AB üyeliğini uluslararası sağlık turizmi alanında da bir avantaj olarak kullanan Orta ve Doğu Avrupa ülkelerinden Çek Cumhuriyeti, Macaristan ve Polonya’da, daha çok termal turizm ve SPA turizmine endeksli olarak uluslararası sağlık turistlerine hizmet vermektedir. Sadece Macaristan’daki kaplıca sayısının 2014 yılı itibariyle 1.500’ün üzerinde olduğu belirtilmektedir. Bu ülkelerin hem maliyet avantajı sağlamaları hem de AB üyesi olmaları nedeniyle de, daha çok AB Üyesi Ülkelerden gelen uluslararası sağlık turistlerini ağırladıkları görülmektedir (URL-28).

“AB Yurt Dışında Tedavi Derneği” tarafından 2014 yılı itibariyle 1.045 uluslararası sağlık turisti örnekleminde gerçekleştirilen ve AB Üyesi Ülkelerin vatandaşlarını kapsayan anket doğrultusunda da, uluslararası sağlık turizmi alanında en fazla tercih edilen üç ülkenin sırasıyla Macaristan, Belçika ve Polonya olduğu belirlenmiştir. Bu ülkeleri ise, İspanya ve Çek Cumhuriyeti takip etmektedir. Bu ülkelerin ise, vizesiz seyahat olanağı sağlaması açısından tercih edildikleri belirtilmiştir (URL-28).

Orta ve Latin Amerika ülkeleri ise, uluslararası sağlık turizmi kapsamında daha çok ABD vatandaşları tarafından ziyaret edilmektedir. Sadece 2014 yılı itibariyle 1,8 milyon ABD vatandaşı uluslararası sağlık turizmi kapsamında sunulan hizmetlerden yararlanmak için Orta ve Latin Amerika ülkelerini ziyaret etmiştir. Kolombiya ve Kosta Rika ise, ABD vatandaşı uluslararası sağlık turistlerinin en fazla tercih ettikleri ülkeler olarak belirlenmiştir. ABD – Küba ilişkilerinin bir ısınma dönemine girmesi ile birlikte de, Küba’ya giden uluslararası sağlık turistlerinin sayısının artış göstereceği belirtilmektedir (URL-28).

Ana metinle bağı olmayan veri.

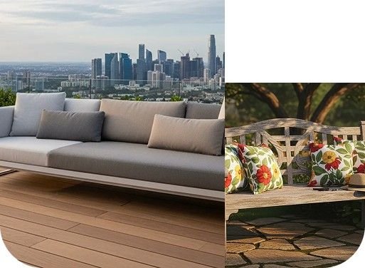 Not sure what size, thickness, or fabric to go for? We’ll visit your space and take exact measurements. We then show you a variety of outdoor-safe fabric samples. Our team will guide you on which foam density works best for your seating style.
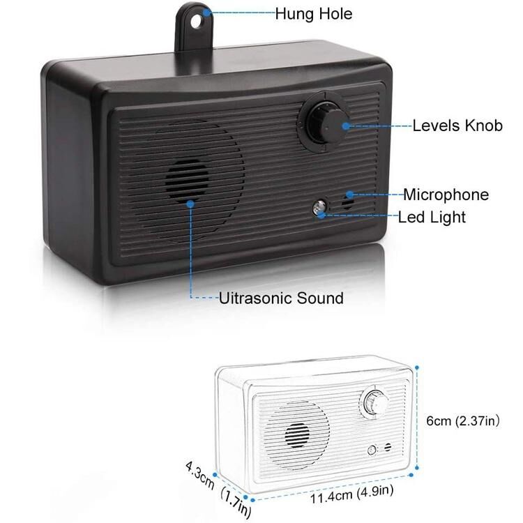 1. Υλικό: πλαστικό 2. Τροφοδοσία: 1 μπαταρία 9V (δεν περιλαμβάνεται) 3. Χρησιμοποιεί υπερήχους για να αποτρέψει τα ενοχλητικά γαβγίσματα σκύλων 4. Μπορεί να ελέγξει τα γαβγίσματα σκύλων εντός 15 μέτρων 5. 3 επίπεδα ρύθμισης ευαισθησίας (15-30KHZ) 6. Διχρωμη ένδειξη χαμηλής μπαταρίας 7. Αδιάβροχο και ανθεκτικό, ασφαλές και αποτελεσματικό 8. Βάρος: περίπου 150g 9. Μέγεθος: περίπου 11.4x6x4.3 cm
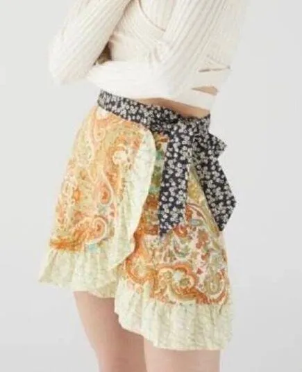 Urban Outfitters Toni skirt Wrap style Attached tie waist belt Ruffle edge Paisley floral print Fabr... Show more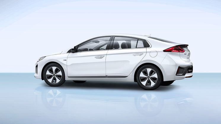 Billedtekst: Red Dots™ desingpris har blitt tildelt Hyundais nye IONIQ, el-bilen som kommer i tre forskjellige varianter med enten ren batteridrift, hybrid eller ladbar hybrid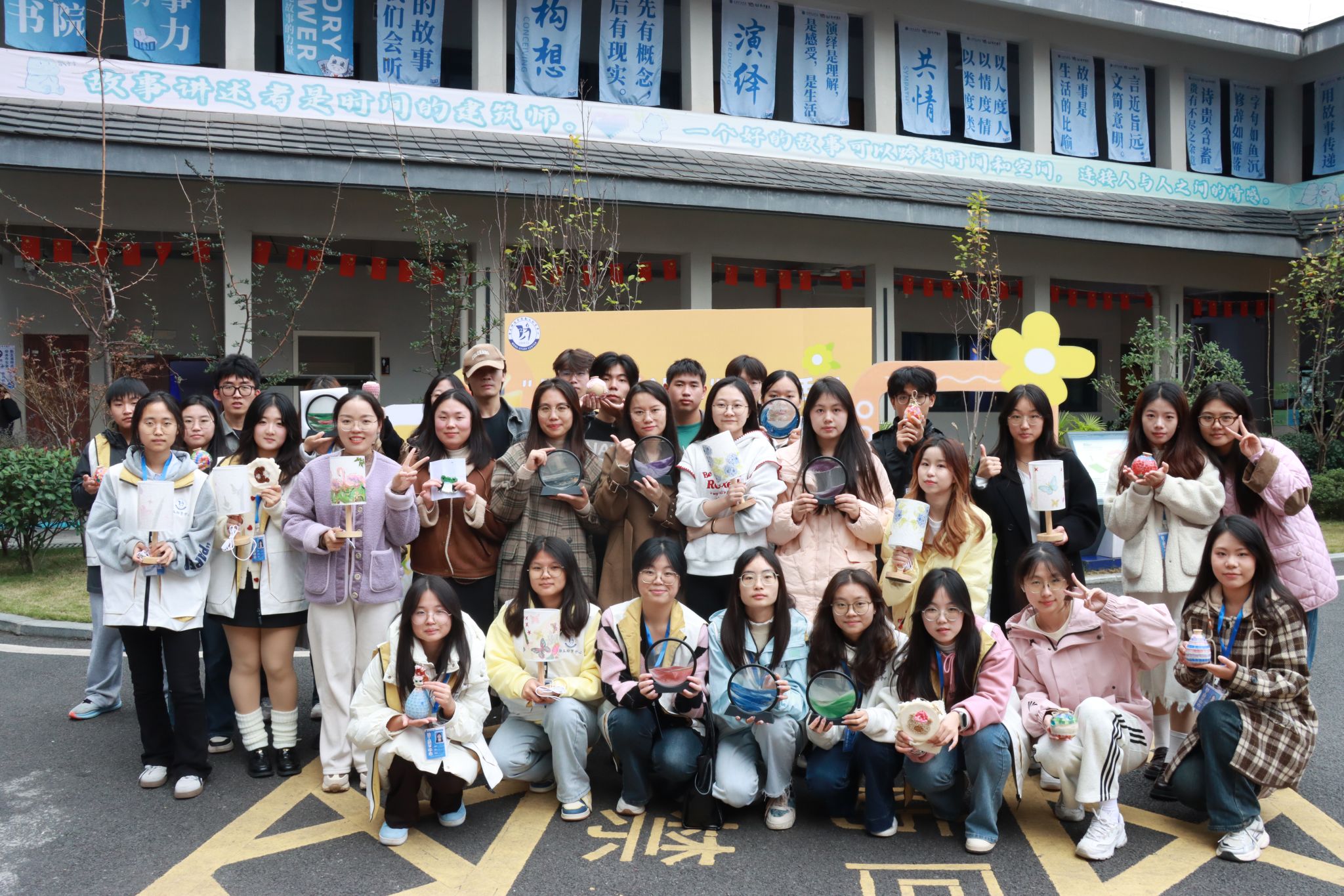 美好的时光总是匆匆流逝,活动在欢声笑语中逐渐接近尾声。全体师生再次相聚,镜头定格下这难忘瞬间:他们手持创意台灯,笑脸在柔和灯光下更显幸福,诉说着活动的温馨点滴;怀抱精美挂件,眼神中满是温柔与关爱;流沙盘作品展现团队智慧与对自然人文的深刻理解;艺术花瓶则见证了师生对美的共同追求。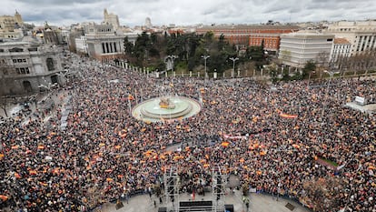 En la recta final de la tramitación parlamentaria de la Ley de Amnistía, la protesta en la calle ha perdido fuelle este sábado. Sea por el tiempo desapacible en Madrid (intenso frío y lluvia intermitente) o por cansancio, la concentración en la céntrica plaza de Cibeles no ha tenido el éxito de sus precedentes, las del 21 de enero y el 18 de noviembre. Si entonces asistieron 31.000 y 170.0000 personas respectivamente, según la Delegación del Gobierno, esta vez la cifra se ha quedado en 15.000, según la misma fuente.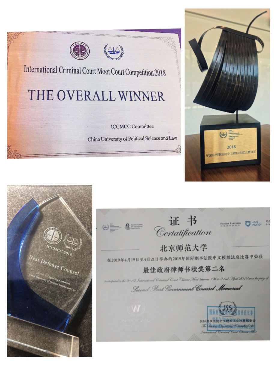在英文赛中,北师大代表队曾在2018年获得中国赛区总冠军奖、最佳被害人代理人奖;在2019年获得中国赛区二等奖、最佳辩护人奖。在中文赛中,北师大代表队曾在2018年获得冠军、最佳庭辩人奖;在2019年获得二等奖、最佳政府方律师书状奖。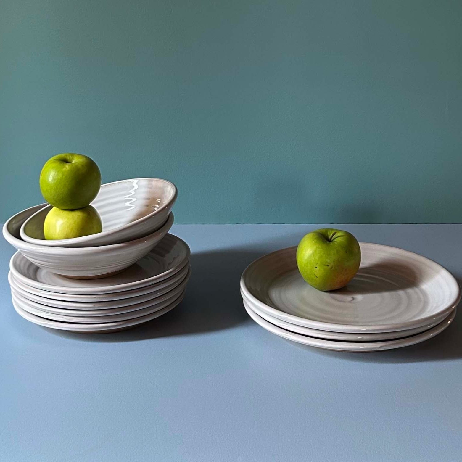 Please email us (info@tonyslypottery.com) if you would like your dinner set in any of our other Modern range colours and we will glaze to order. Allow 2 weeks lead time.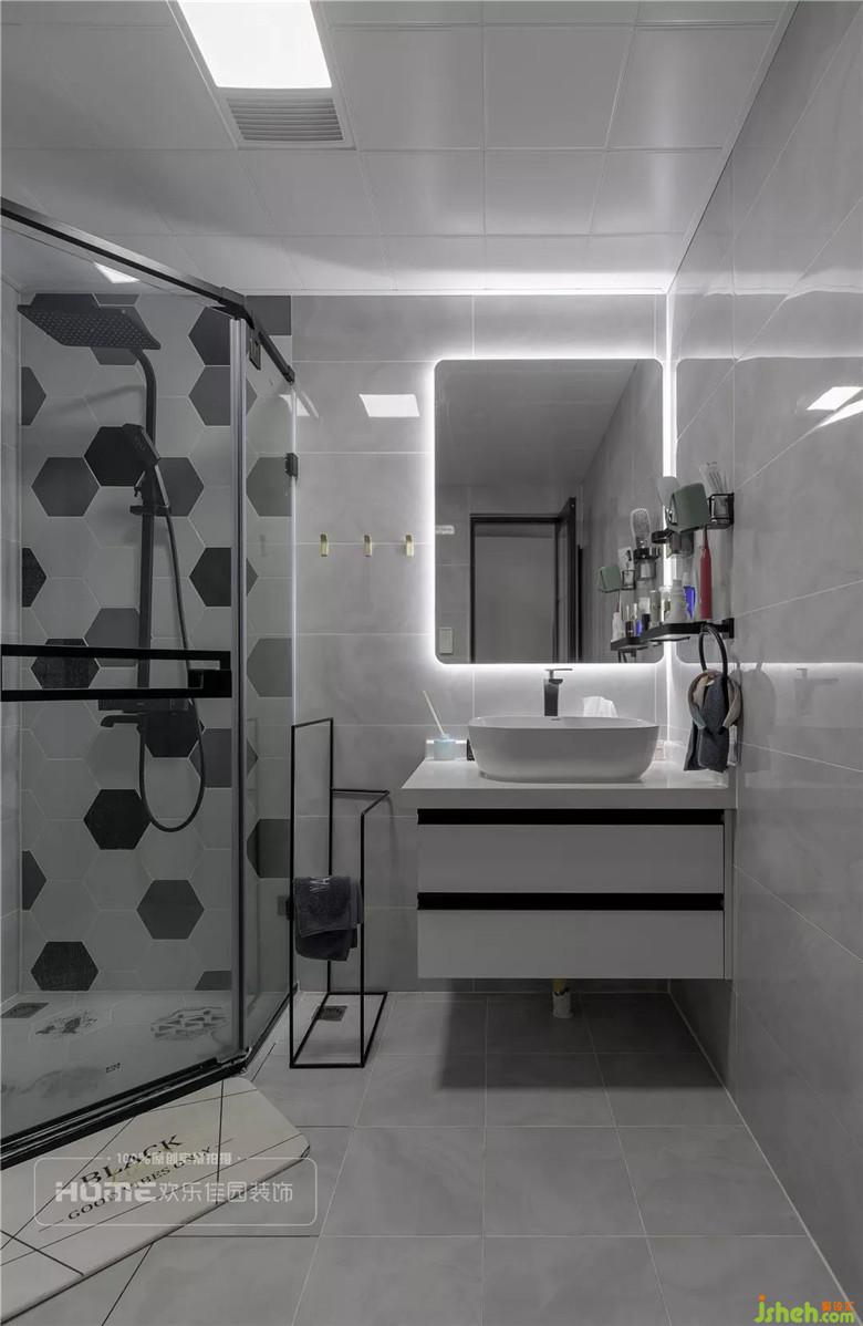 撞色六角磚拼接成墻上一道獨(dú)特的景象,使用玻璃門有效的將洗漱淋浴分開,充分利用置物架、浴室柜小家具收納衛(wèi)生間用品,看起來雜而不亂。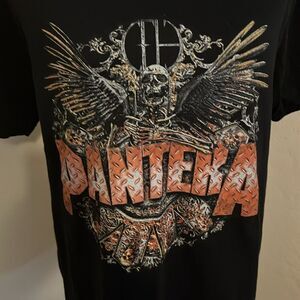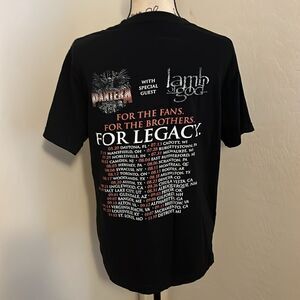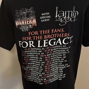 Pantera Lamb Of God Music Band Black Distressed Graphic Shirt, size large.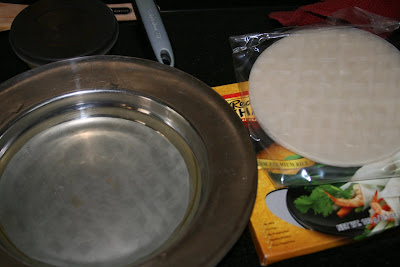 Dip each rice paper roll in some water - swirl it around for a minute or so until the roll begins to soften.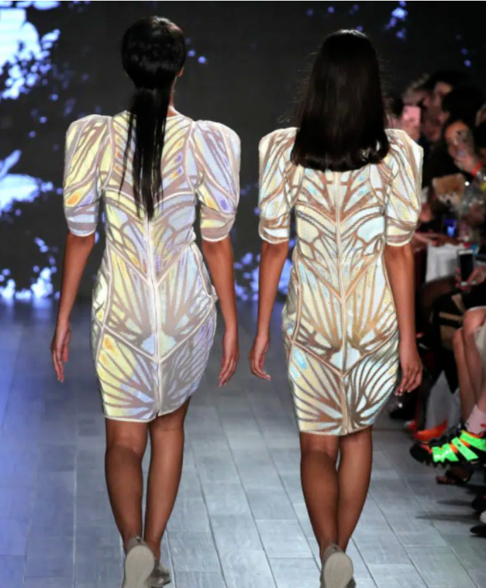 Chro-Morpho 系列风靡纽约时装周秀场。该系列的灵感来自蝴蝶和昆虫翅膀的光线过滤所产生的彩虹色和微观颜色,采用直接在织物上进行 3D 打印的新技术创作而成。连衣裙采用 Stratasys 设计的透镜效果制成。这种效果本身是通过将由光敏聚合物制成的鱼鳞大小的球形细胞直接 3D 打印到聚酯织物上而产生的。每个 3D 打印的电池都由一个内部有彩色条带的透明透镜组成。结果是一件由 27 个部件和数千个 3D 打印单元组成的裙子,每一个动作都会改变颜色。
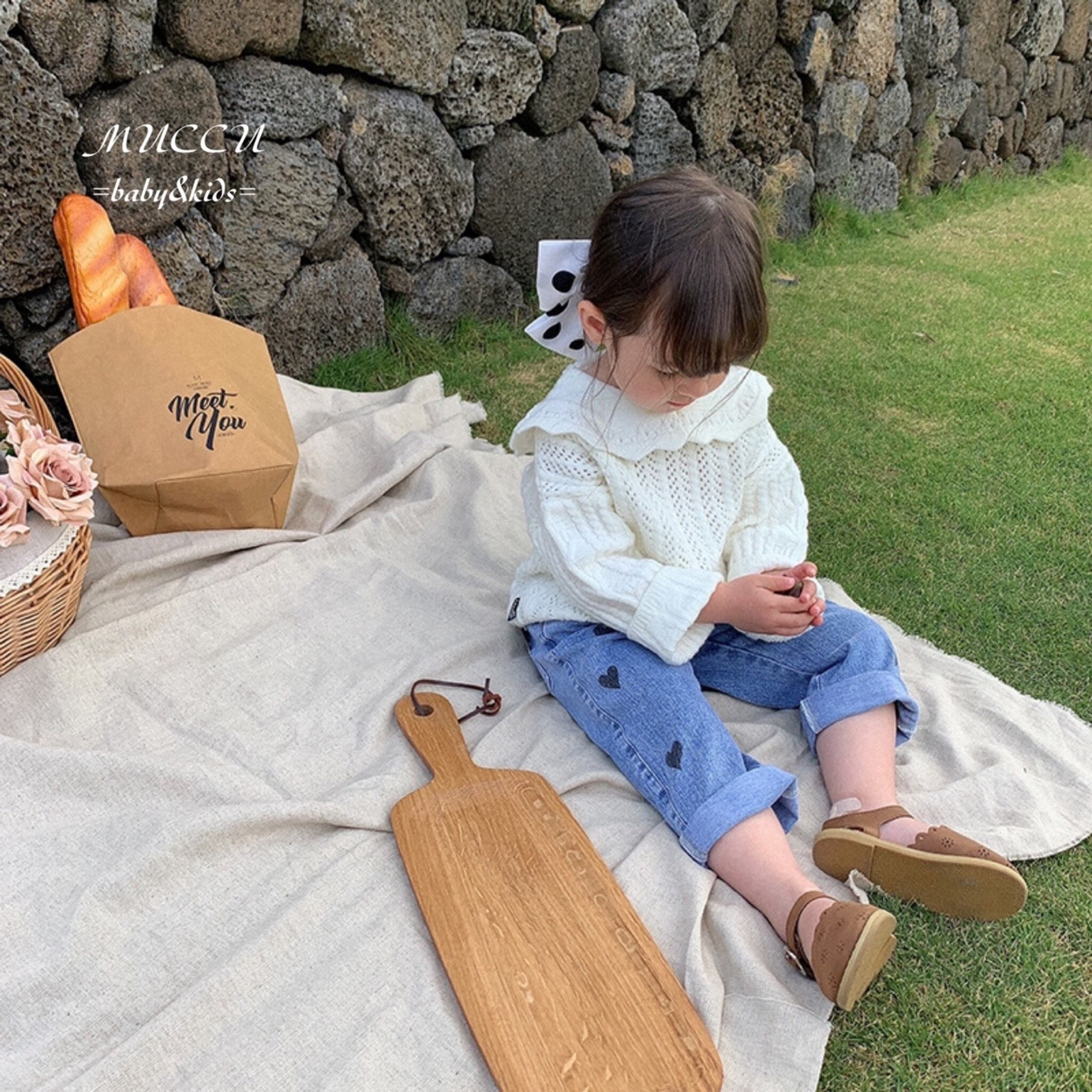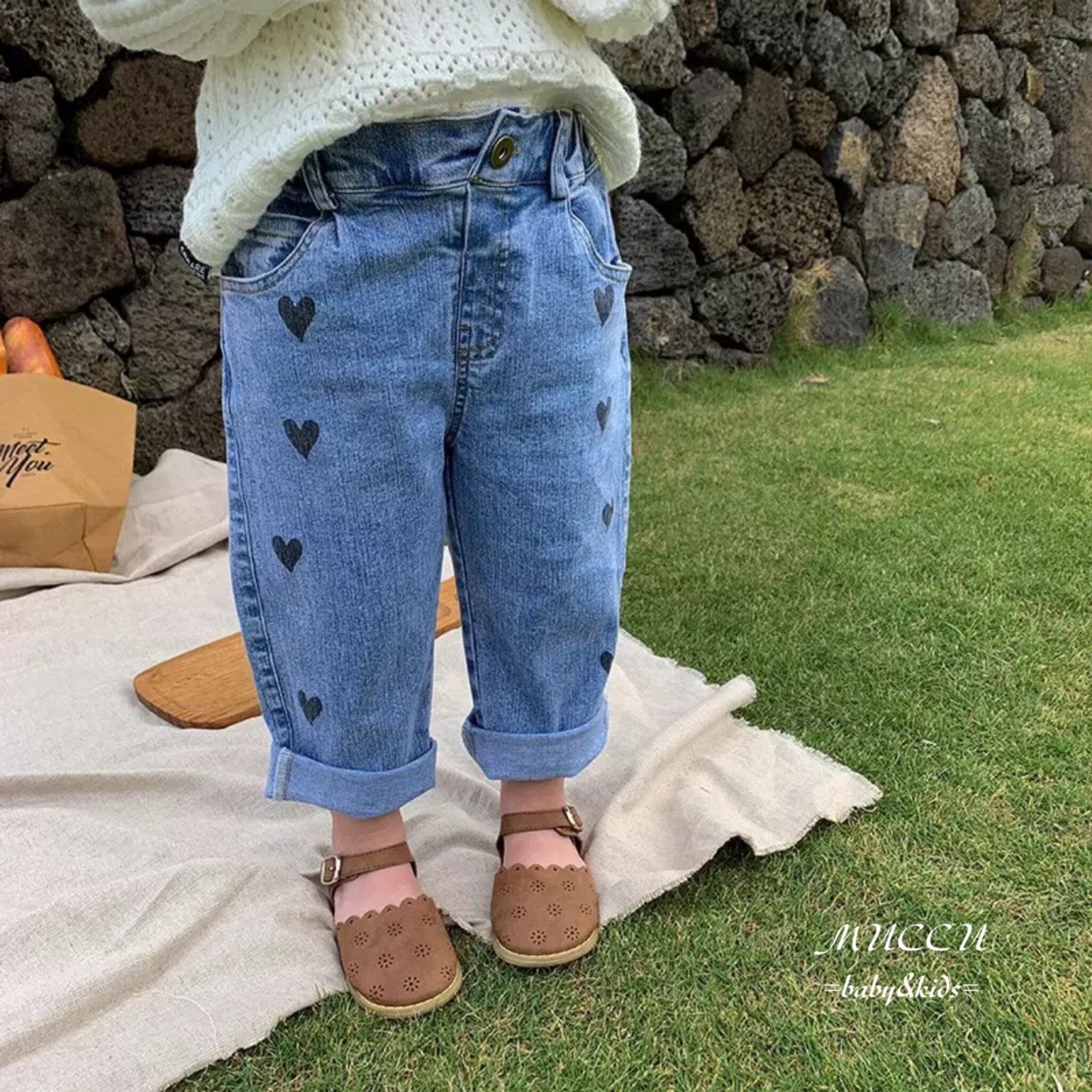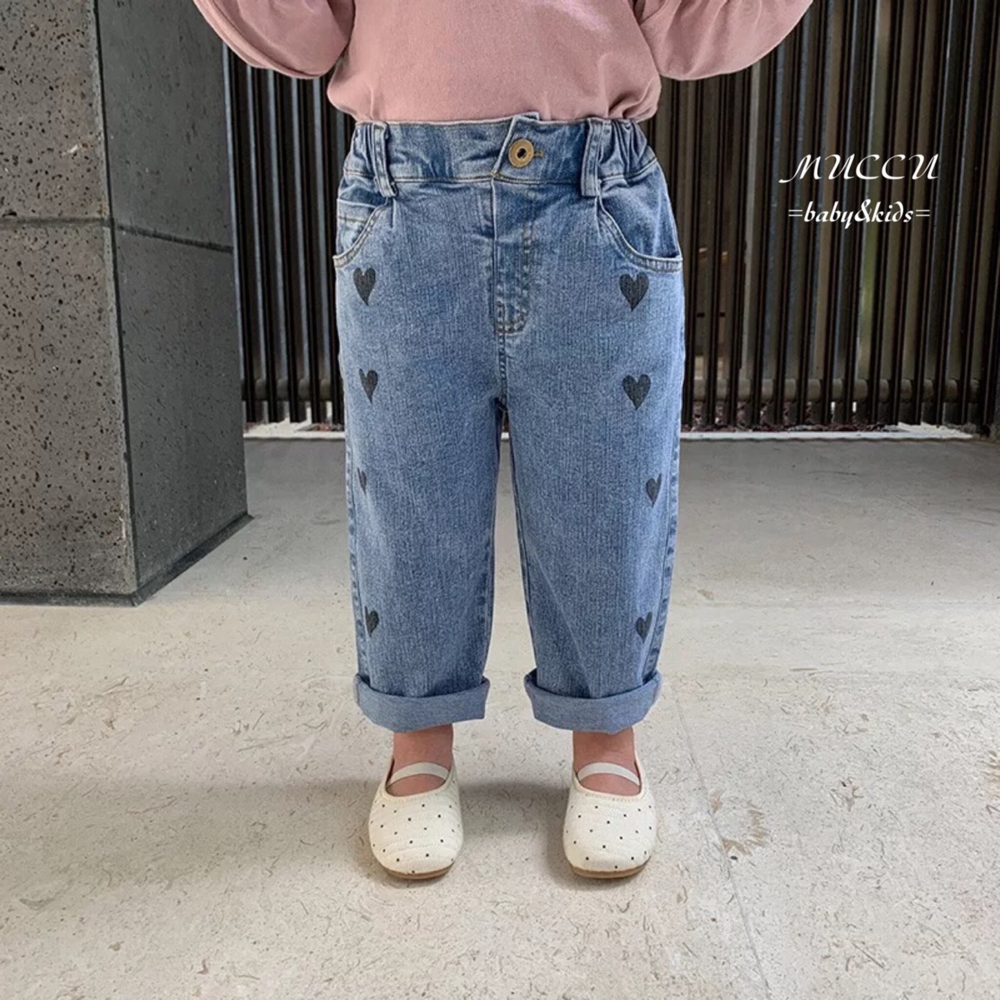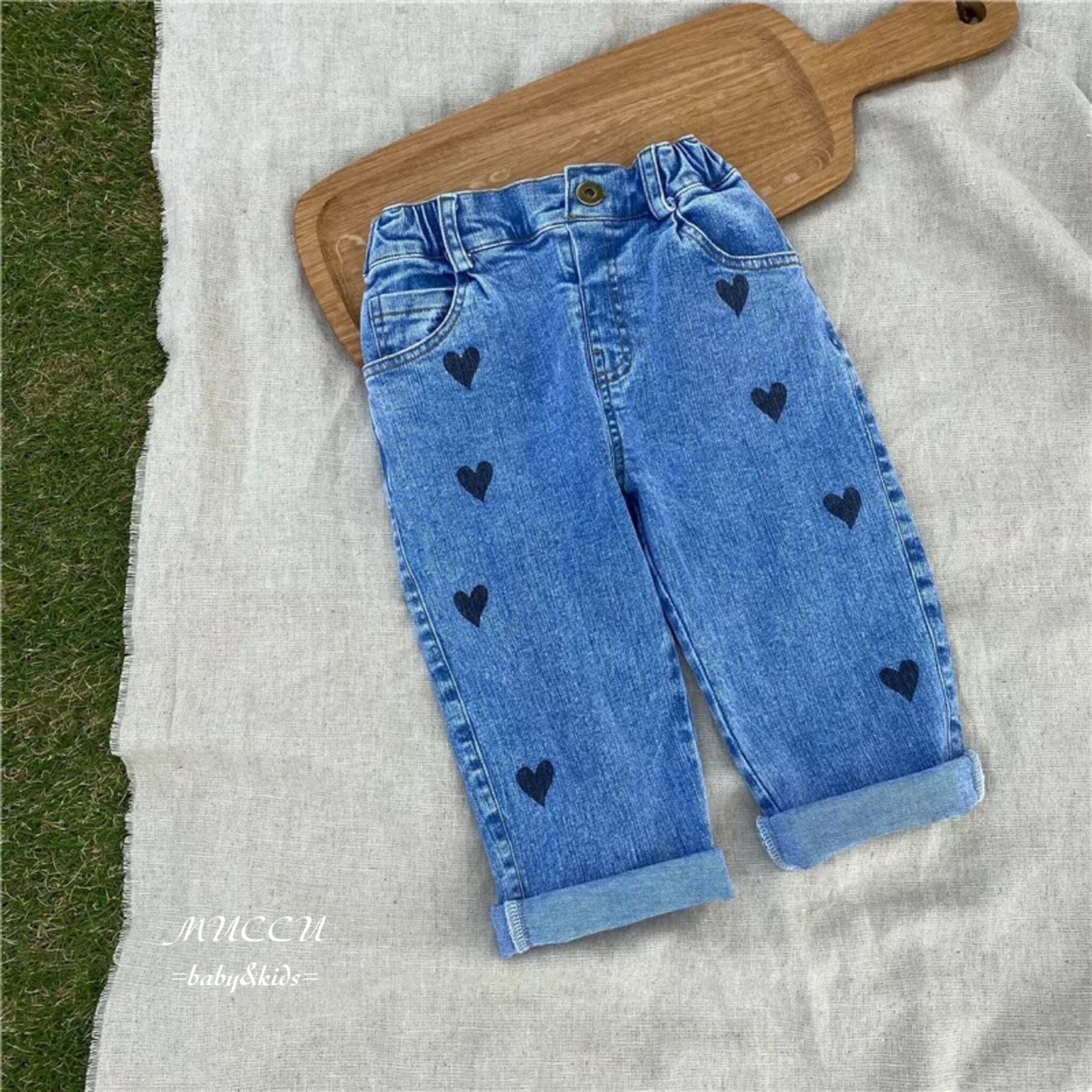 送料無料!【予約販売】可愛い♡ ハート デニム パンツ 80cm〜130cm 女の子 姉妹 双子 ペアコーデ お出掛けコーデ 出産祝い お誕生日 撮影会 キッズ | MUCCU =baby&kids=

“Uluslararası Sağlık Turizmi Piyasası Verileri – 2014” ile ilgili belirlemeler Tablo 4.1.’de gösterilmiştir.

Tablo 4.1. Uluslararası Sağlık Turizmi Piyasası Verileri – 2014 (URL-28).

Tablo 4.1.’de; “Uluslararası Sağlık Turizmi Piyasası Verileri – 2014” İngiltere – Hindistan, ABD – Hindistan ve Türkiye – İspanya karşılaştırmasına yer verilmektedir. Bu doğrultuda tıbbi işlemlerin Hindistan’da, İngiltere’de aynı operasyonlar için öngörülen ücretlerin yaklaşık üçte birinden daha düşük düzeyde gerçekleştirildiği görülmektedir. Hindistan’da gerçekleştirilen bir karaciğer naklioperasyonu ise, ABD’de aynı operasyon için öngörülen ücretin onda biri düzeyinde bir ücretle yapılmaktadır. Türkiye’de gerçekleştirilen tıbbi operasyonlar da, İspanya’da aynı operasyonlar için öngörülen ücretlerin çok daha altında gerçekleştirilebilmektedir.